> _Problem statement_: Transcribe all the lines below exactly. Omit the pictures.

> _Information supplied_:
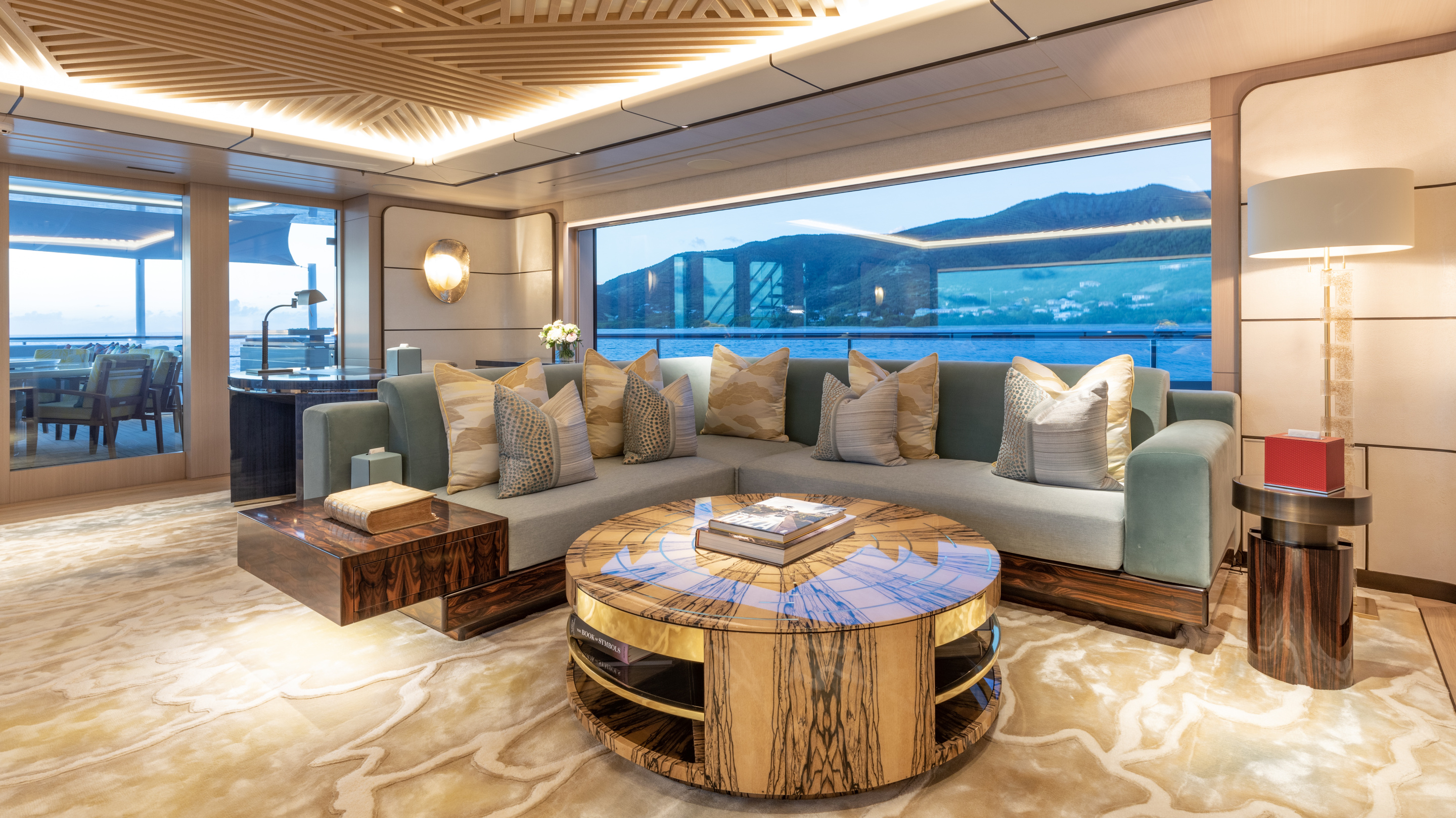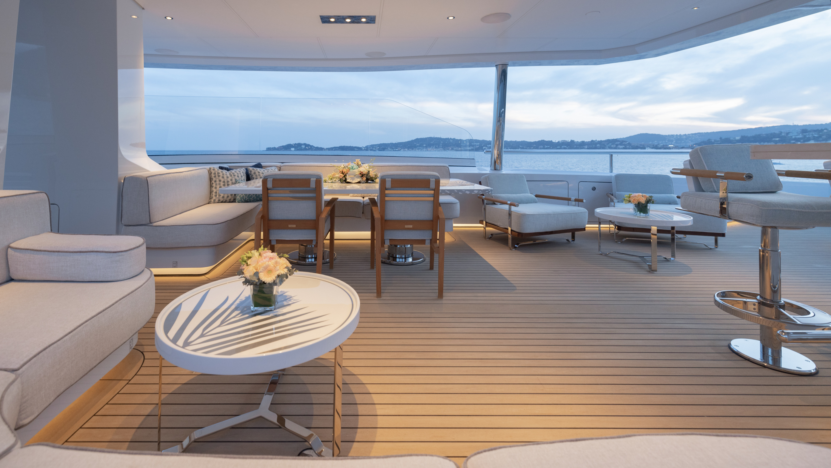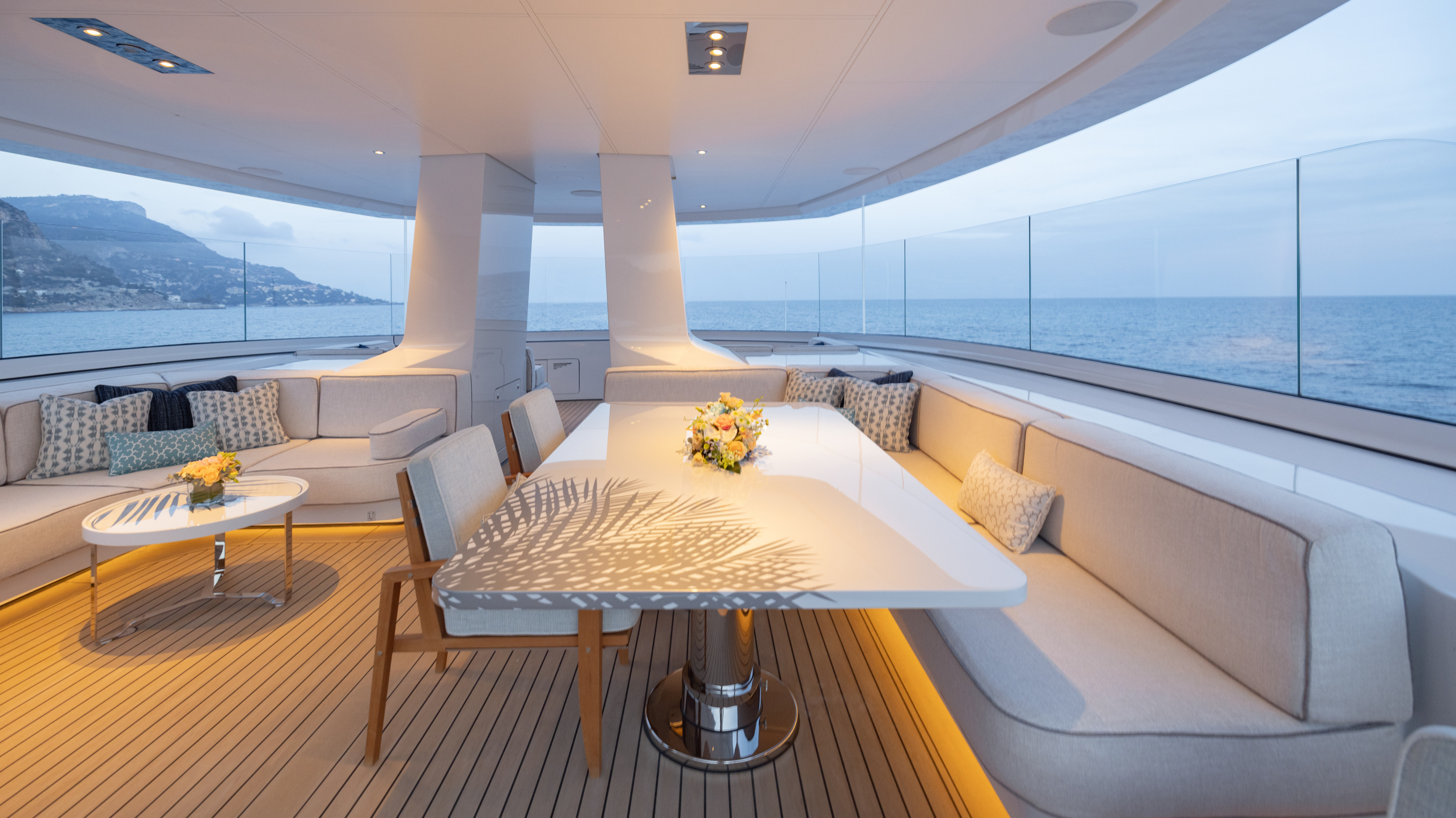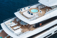 MOON SAND offers a wealth of spaces for every mood. The main deck aft is home to a remarkable swimming pool with a rise-and-fall floor and a counter-current system, perfect for both leisure and exercise. The sun deck, upgraded in 2024 by AZURE Yacht Design, now boasts enhanced wind protection, a new jacuzzi, additional sun pads, and expanded dining options. The bridge deck features a circular dining table with a Lazy Susan for up to 12 guests, a sky lounge configured for games and relaxation, and a fully equipped gym.
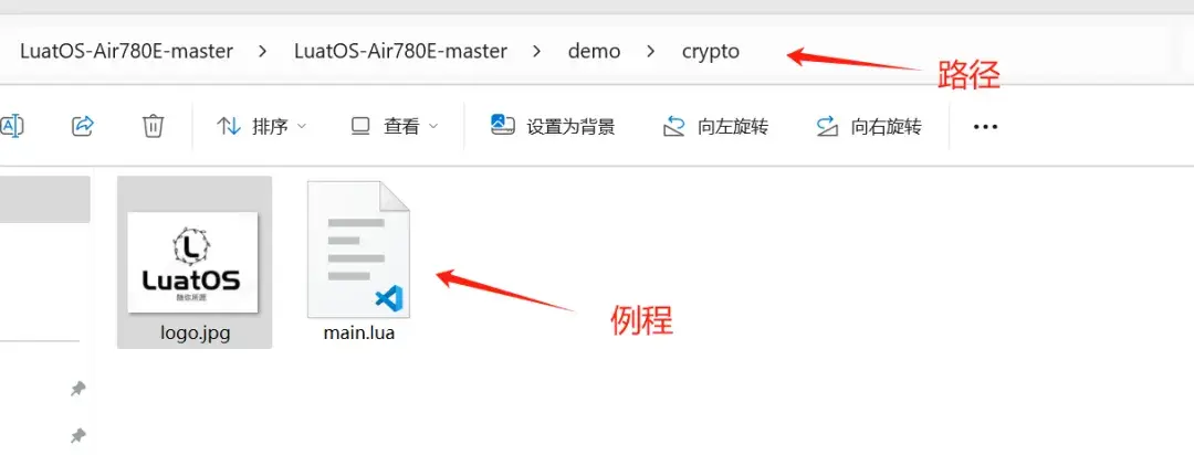 下载的文件解压,找到 LuatOS-Air780E-master\demo\crypto\main.lua,如图:
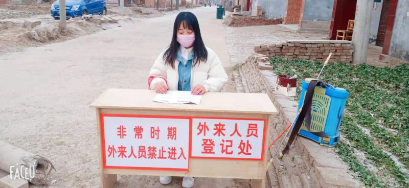 明素素,文化教育学院19级语文教育三班的学生,家在濮阳市范县陈庄镇程庄村,该村临近主要道路外来人员返乡居多途经该村。防控压力不言而喻。她主动请缨,在村口一线防范外来人员杜绝疫病进村。为疫情的防控献出自己的力量,在寒冷的室外,严控第一线,不抱怨,不退让。在这严峻的时期。展现了周职学子从未退缩的精神!
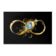 Gold, shiny symbol of infinity, decorated with jewelry peacock feather with turquoise on black background.
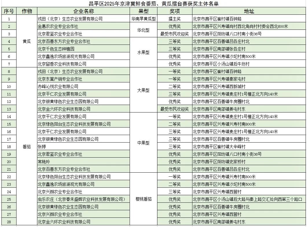 近日,区农业技术推广站组织昌平区蔬菜种植主体参加以“种业创新 兴业富民”为主题的“2025京津冀鲜食番茄黄瓜擂台赛”,来自北京、天津、河北三地近150家参展单位的338个番茄、黄瓜样品同场竞技,昌平区17个种植主体斩获多项殊荣。
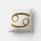 Astrologisches Zodiaka zeigt Sonnensignatur, Krebs Gold, weißes Kissen
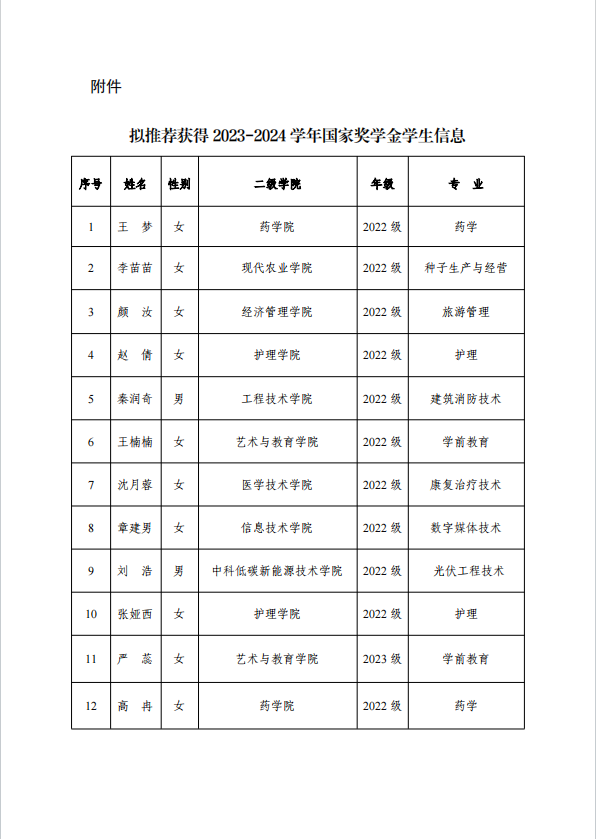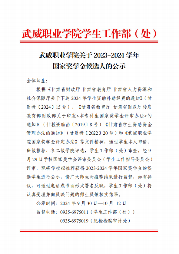 武威職業(yè)學(xué)院關(guān)于2023-2024學(xué)年國家獎(jiǎng)學(xué)金候選人的公示
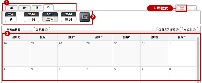 | 3 | 月曆/清單模式:您可使用月曆或清單模式來管理排程。 |
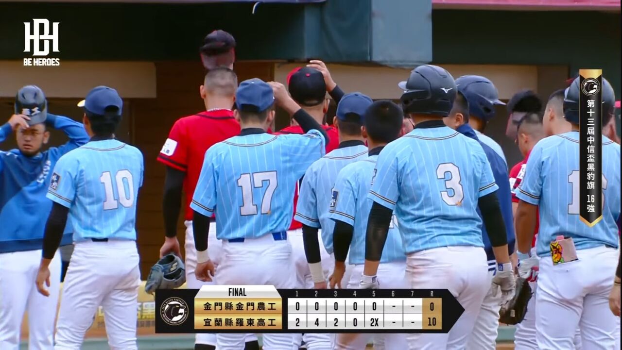中信盃黑豹旗16強賽今(21日)在三重棒球場開打,由本屆表現亮眼的金門農工對上實力堅強的羅東高工;羅東高工在首局就把握金門農工守備失誤先馳得點,第2局更展開猛烈攻勢,一舉奠定勝基,最終於5局10比0提前扣倒對手,順利挺進8強。

> _Task solution_:
 MOON SAND offers a wealth of spaces for every mood. The main deck aft is home to a remarkable swimming pool with a rise-and-fall floor and a counter-current system, perfect for both leisure and exercise. The sun deck, upgraded in 2024 by AZURE Yacht Design, now boasts enhanced wind protection, a new jacuzzi, additional sun pads, and expanded dining options. The bridge deck features a circular dining table with a Lazy Susan for up to 12 guests, a sky lounge configured for games and relaxation, and a fully equipped gym.
 下载的文件解压,找到 LuatOS-Air780E-master\demo\crypto\main.lua,如图:
 明素素,文化教育学院19级语文教育三班的学生,家在濮阳市范县陈庄镇程庄村,该村临近主要道路外来人员返乡居多途经该村。防控压力不言而喻。她主动请缨,在村口一线防范外来人员杜绝疫病进村。为疫情的防控献出自己的力量,在寒冷的室外,严控第一线,不抱怨,不退让。在这严峻的时期。展现了周职学子从未退缩的精神!
 Gold, shiny symbol of infinity, decorated with jewelry peacock feather with turquoise on black background.
 近日,区农业技术推广站组织昌平区蔬菜种植主体参加以“种业创新 兴业富民”为主题的“2025京津冀鲜食番茄黄瓜擂台赛”,来自北京、天津、河北三地近150家参展单位的338个番茄、黄瓜样品同场竞技,昌平区17个种植主体斩获多项殊荣。
 Astrologisches Zodiaka zeigt Sonnensignatur, Krebs Gold, weißes Kissen
 武威職業(yè)學(xué)院關(guān)于2023-2024學(xué)年國家獎(jiǎng)學(xué)金候選人的公示
 | 3 | 月曆/清單模式:您可使用月曆或清單模式來管理排程。 |
中信盃黑豹旗16強賽今(21日)在三重棒球場開打,由本屆表現亮眼的金門農工對上實力堅強的羅東高工;羅東高工在首局就把握金門農工守備失誤先馳得點,第2局更展開猛烈攻勢,一舉奠定勝基,最終於5局10比0提前扣倒對手,順利挺進8強。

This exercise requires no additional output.